Кардинал де Ришельё был происхождения благородного. Еще в юности проявились блестки его дарований: он был отличен в Сорбонне; сила и живость ума его обратили на себя внимание. Обыкновенно он умел принять верное решение. Он исполнял данное слово, если только какой-нибудь важный расчет не побуждал его нарушить обещанное, но и в подобном случае он старался представить дело так, будто вышло это не по его воле. Щедрость не была ему свойственна, но он давал более, нежели сулил, и умел в выгодном свете преподнести свои благодеяния. Он любил славу много более, чем предписано моралью, но следует признать, что, преступая мораль от избытка честолюбия, он отпускал себе этот грех ради притязаний, соразмерных его дарованиям. Ни ум, ни сердце не возвышали его над опасностями, однако не ставили ниже их; можно сказать, что он чаще предвосхищал их своим проницанием, нежели преодолевал своей твердостью.

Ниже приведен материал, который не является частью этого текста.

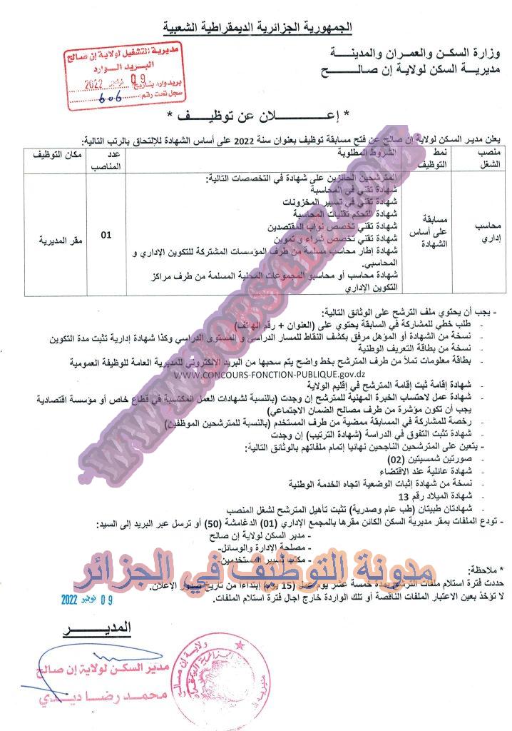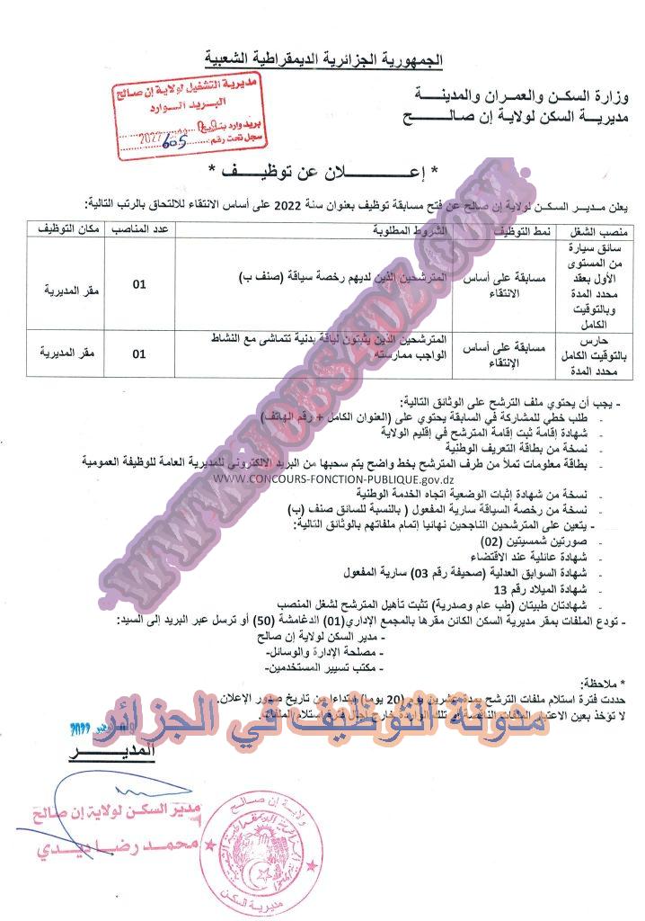 تعلن مديرية السكن لولاية عين صالح عن فتح مسابقات توظيف على اساس الشهادة وعلى اساس الانتقاء في الرتب المبينة ادناه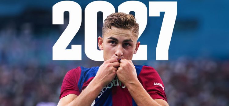 El Barcelona anunció este martes la renovación del contrato del joven Fermín López, que le vinculará con el club azulgrana hasta el 30 de junio de 2027 con una cláusula de rescisión fijada en 400 millones de euros.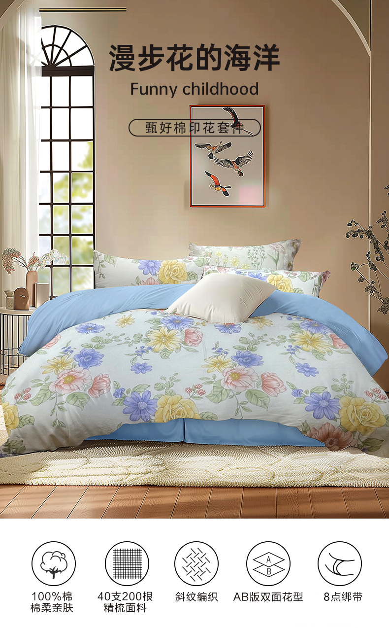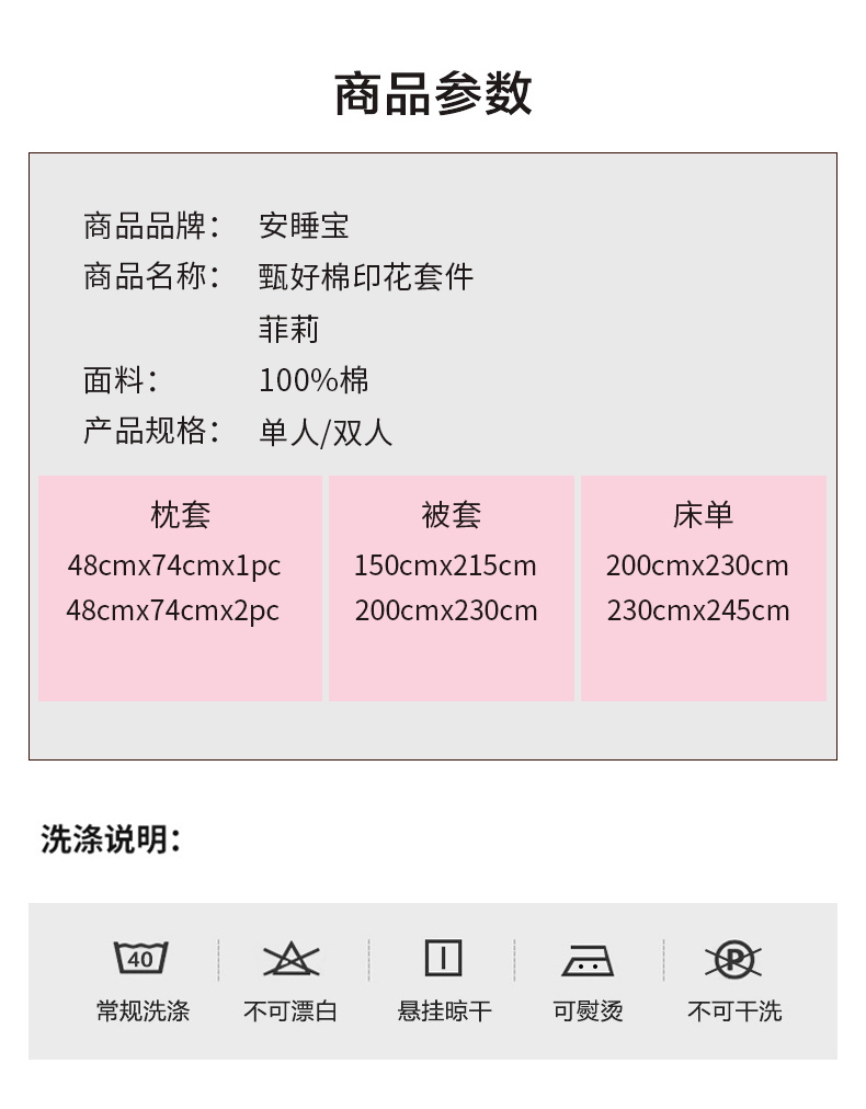 【春上新】10楼 安睡宝 甄好棉印花四件套-菲莉 吊牌价1599-1799元 活动价279-299元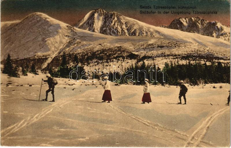 Tátraszéplak, Tatranska Polianka, Westerheim (Magas-Tátra, Vysoké Tatry); téli élet, síelők csoportja. Cattarino S. utóda Földes Samu kiadása 1912. 30.. Dr. Guhr felvétele / Skiläufer in der Umgebung Tátraszéplaks / winter sport, skiing group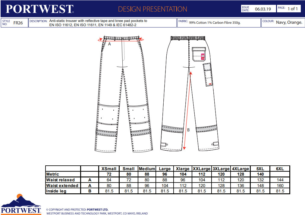 Nohavice sú skonštruované s reflexnou páskou s vysokou viditeľnosťou, ktorá je dvakrát prešitá na zvýšenie odolnosti. Medzi vlastnosti patria trojito prešité švy, pásy s vysokou viditeľnosťou na nohaviciach, vrecká na kolenách, vrecko na pravítko, predný mosadzný zips a nastaviteľný spodný otvor nohavíc. Materiál: Vonkajšia látka: 99% Bavlna, 1% Uhlíkové vlákno- - Radiačné; konvenčné a kontaktné teplo

Он был верным в дружбе и желал бы заслужить общую любовь, но, хотя он и соединял с учтивостью приятную наружность и многие другие свойства, потребные для этой цели, ему всегда недоставало чего-то такого, что в этом деле необходимо более, чем в каком-либо другом. Своим могуществом и царственным великолепием он затмевал величие особы Короля, но при этом с таким достоинством исполнял королевские обязанности, что дюжинному уму не дано было провести здесь грань между благом и злом. Никто в целом свете не видел зорче его различия между плохим и худшим, между хорошим и лучшим, а это отменное качество в министре. Ему недоставало терпения в мелочах, которые предшествуют великим делам, но недостаток этот, проистекающий от [57] возвышенности ума, обыкновенно соединен с прозорливостью, его выкупающей. Он был благочестив в меру земных требований. Он творил добро по склонности, а может быть, по велению здравого смысла во всех случаях, когда выгода не толкала его ко злу, творя которое он его ясно сознавал. О благе государственном он помышлял лишь в пределах отпущенного ему земного срока, но никогда ни один министр не прилагал больших стараний, чтобы внушить окружающим, будто он печется о будущем. Словом, должно признать, что все пороки его принадлежат к числу тех, какие могут заслужить славу человеку высокого звания, ибо они из числа тех, чьим орудием могут быть лишь великие добродетели.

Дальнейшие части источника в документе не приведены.